When only the direct health care costs are included, all treatments but venlafaxine and escitalopram are dominated. Escitalopram is associated with marginally higher costs (€14) and better outcomes (0.004 QALYs) compared with venlafaxine yielding a cost per QALY of €3,732 (Table 5). Alternative scenarios such as using efficacy data from all study durations or varying the probabilities of relapse or suicide rates did not alter the results of the analysis. Results are available from the authors on request.

thumbnail

Table 5. Results cost-effectiveness analysis with health-care perspective.

doi:10.1371/journal.pone.0042003.t005

Probabilistic Analysis

The cost-effectiveness acceptability curves are presented in Figure 4. For every value of willingness to pay, or threshold value for cost-effectiveness, there is a high probability that escitalopram is cost-effective.

thumbnail

Figure 4. Cost-effectiveness acceptability curves.

Note: All treatments except escitalopram, mirtazapine, venlafaxine and duloxetine have a low probability of being cost effective at all willingness-to-pay values of a health outcome, hence the curves for these treatments virtually lie on the abscissa.

doi:10.1371/journal.pone.0042003.g004

Discussion

Our network meta-analysis supports the conclusion from previous reviews that, in certain populations, the newest antidepressants have a somewhat better efficacy than the generically available SSRIs. In our decision-analytic model we found that using escitalopram instead of other antidepressants was associated with a reduction in time spent in depression, leading to marginally more QALYs at no additional cost.

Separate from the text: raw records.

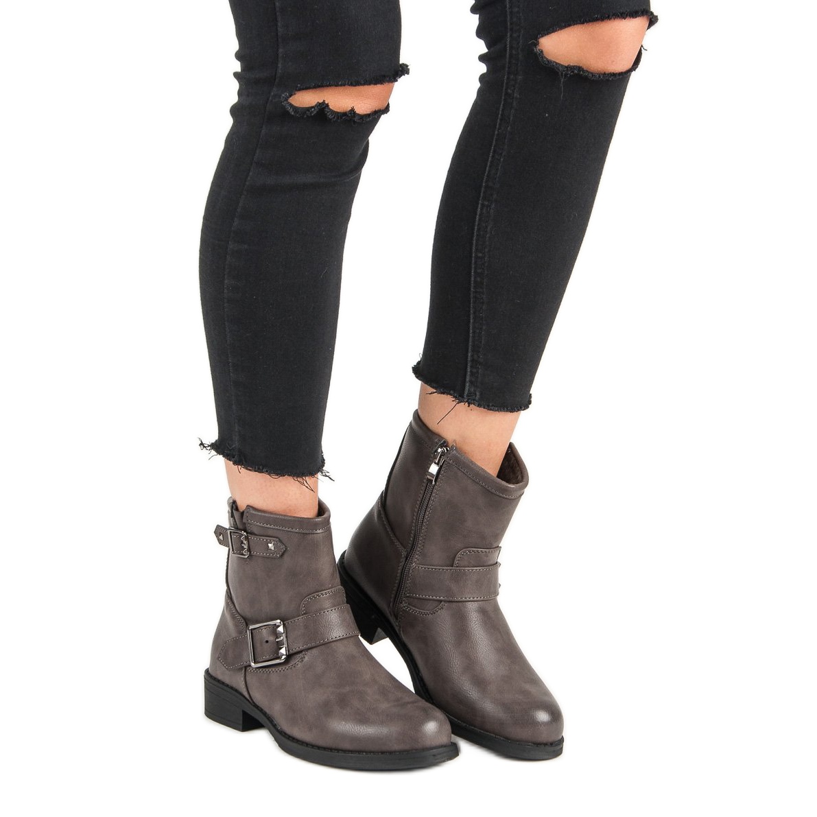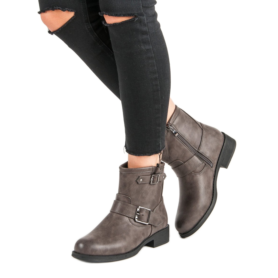 Cizmele de muncitori gri sunt o alegere perfecta pentru femeile care apreciaza atat stilul cat si confortul. Confectionati din piele ecologica de inalta calitate intr-o culoare gri la moda, acesti pantofi sunt complementul perfect pentru orice stil de toamna-iarna.
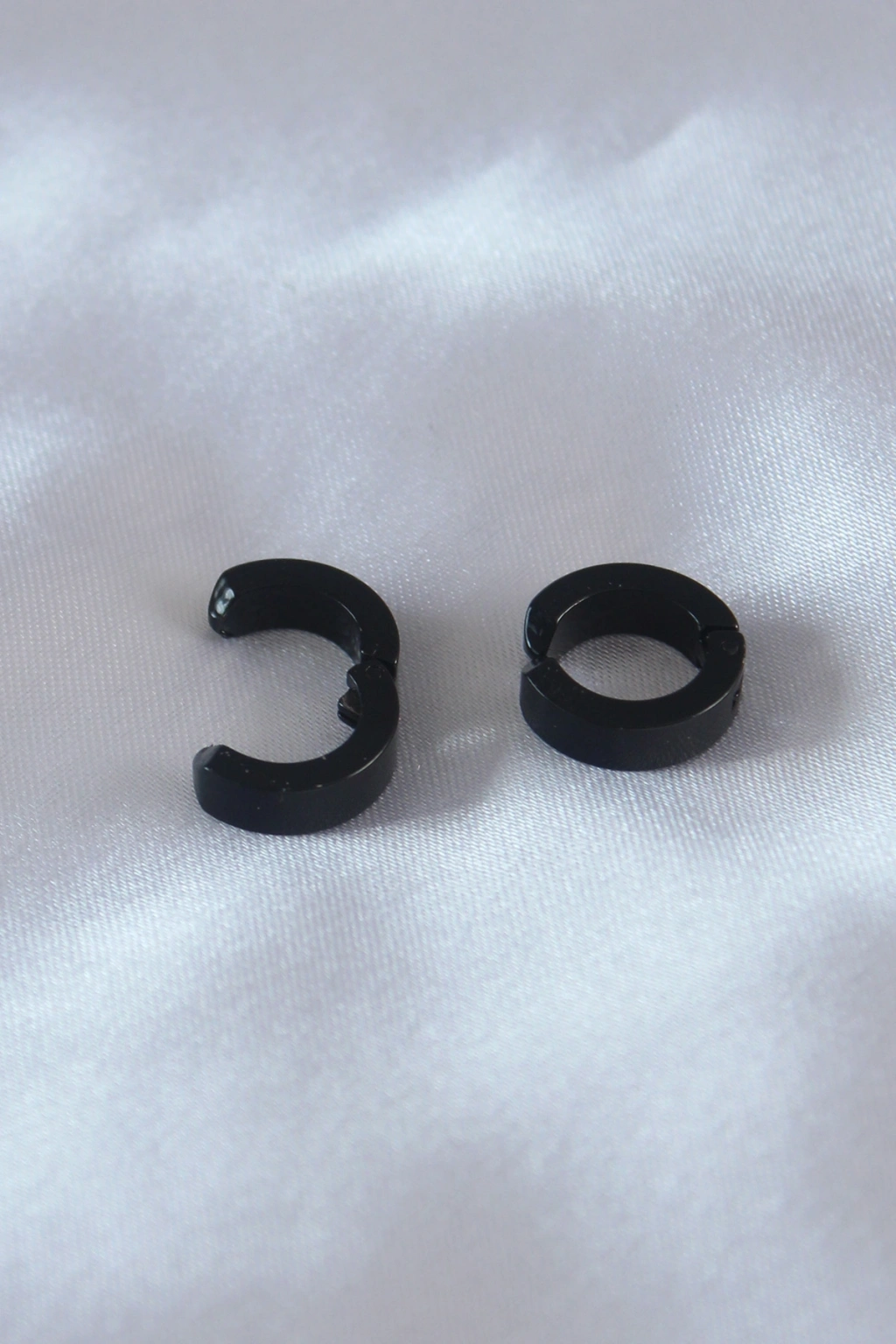 Çelik Siyah Renk Sıkıştırmalı Erkek Küpe
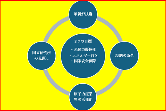 | 原子力規制の近代化 ・安全上の懸念と経済および国家安全保障における原子力エネルギーの利点とのバランスを確保 ・規制および指針文書を包括的に改正するための規則制定を18 ヶ月以内に完了 | ・ライセンスの有効期間を制限する規制を見直し、必要に応じてその有効期間を延長 ・マイクロリアクターおよびモジュール型リアクターの、ライセンスの大量の取得手続きを確立し、申請の標準化も認める ・国防総省またはエネルギー省によって安全に試験された原子炉設計の承認を迅速化する手続きを確立すること ・国家環境政策法(NEPA)への準拠に関する規制を改定 ・科学的根拠に基づく放射線限度を採用し、不適切な放射線被曝モデル(線形モデル)に依存しない ・ライセンスの承認のための固定期限を設定し、新規原子炉の建設・運転には18ヶ月、既存原子炉の継続運転には12ヶ月の期限を定める |
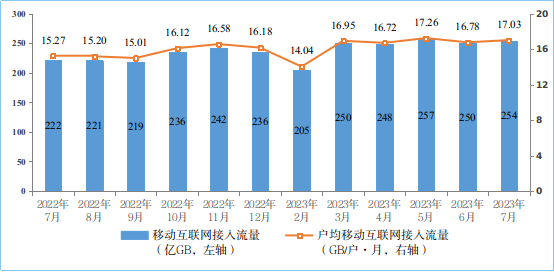 7月份户均移动互联网接入流量达17.03GB 同比增长11.6%
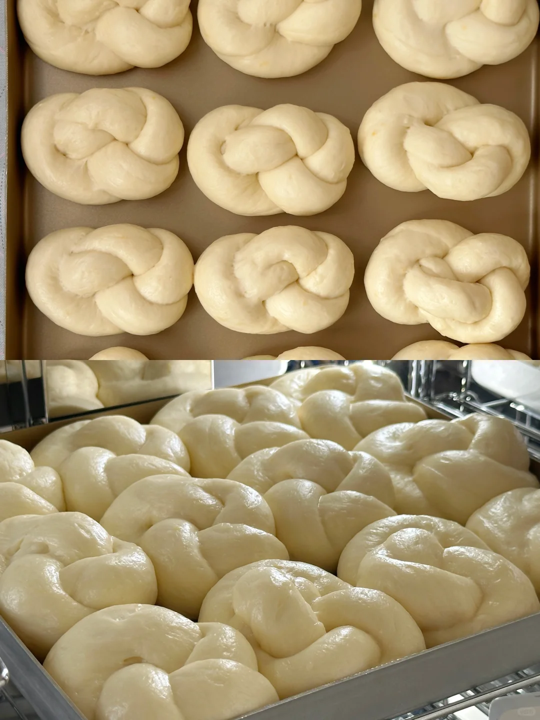 6⃣️整形好的面团放入28*28的方盘中,所有面团做好后放发酵箱温度35°C,湿度75%发酵60分钟左右,大概2倍大小,面包之间没有什么空隙。

As noted in Table 4, there are large amounts of uncertainty in the total costs and QALYs for each investigated treatment and the differences in effect between some of the investigated treatments are rather small. Still, the probability that escitalopram is cost-effective is approximately 70% at a wide range of willingness-to-pay thresholds (Figure 4). A key finding of the present study is that the relatively small differences in remission rates between therapies may have relatively large implications for differences in costs, in particular from a societal perspective, whereas the corresponding differences in QALYs are rather small.

Remission of symptoms is nowadays seen as a better outcome to study than response (defined e.g. as a 50% decrease on a rating scale). However, our analysis is generally in strong agreement with a previous study using response as outcome [8]. This lends some support to the fact that the choice of endpoint to measure efficacy may not be crucial. However, the present study which explicitly attempted to estimate costs and quality of life implications of remission indicates that escitalopram is cost-effective. This conclusion is different from the tentative conclusion that sertraline is the most cost-effective alternative reported in a previous study [8].

An interesting observation was that the odds ratio for escitalopram against citalopram is lower in the MTC compared with pooling the head to head studies, which were all sponsored by the manufacturer of these drugs. We note that in several cases, the odds ratios from pooling direct comparative studies differ from those reported in the multiple treatment comparison. This is not surprising as the latter includes a larger body of evidence, but the underlying reasons for the differences could be worthy of further investigation as this may partly reflect a “wish-effect” (or sponsor bias) in the trials. This potential bias is reduced in the multiple treatment comparison where the drugs also appear as non-sponsored comparators.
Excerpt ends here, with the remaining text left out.